*Dataset content:*

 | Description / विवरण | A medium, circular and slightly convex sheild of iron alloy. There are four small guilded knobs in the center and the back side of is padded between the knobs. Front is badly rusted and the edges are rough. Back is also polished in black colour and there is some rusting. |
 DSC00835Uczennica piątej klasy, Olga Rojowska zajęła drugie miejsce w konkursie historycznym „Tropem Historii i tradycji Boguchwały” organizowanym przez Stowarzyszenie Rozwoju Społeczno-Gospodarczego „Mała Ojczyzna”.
---
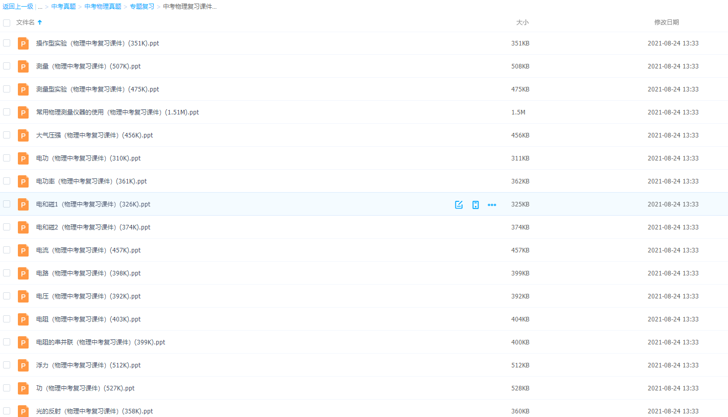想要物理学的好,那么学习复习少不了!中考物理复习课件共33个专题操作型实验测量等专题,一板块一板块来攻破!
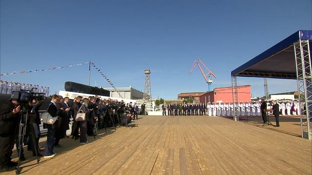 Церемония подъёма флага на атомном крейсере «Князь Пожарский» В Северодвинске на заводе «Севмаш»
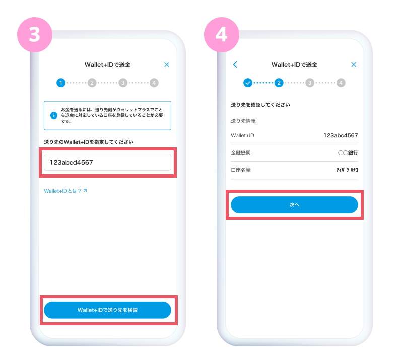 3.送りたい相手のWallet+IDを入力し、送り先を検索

*Work instruction:* Begin with the line above that has "some rusting. |" and continue through the line that has "DSC00835Uczennica piątej klasy, Olga", setting each one down exactly. Stop there.

*Exercise output:*
 | Description / विवरण | A medium, circular and slightly convex sheild of iron alloy. There are four small guilded knobs in the center and the back side of is padded between the knobs. Front is badly rusted and the edges are rough. Back is also polished in black colour and there is some rusting. |
 DSC00835Uczennica piątej klasy, Olga Rojowska zajęła drugie miejsce w konkursie historycznym „Tropem Historii i tradycji Boguchwały” organizowanym przez Stowarzyszenie Rozwoju Społeczno-Gospodarczego „Mała Ojczyzna”.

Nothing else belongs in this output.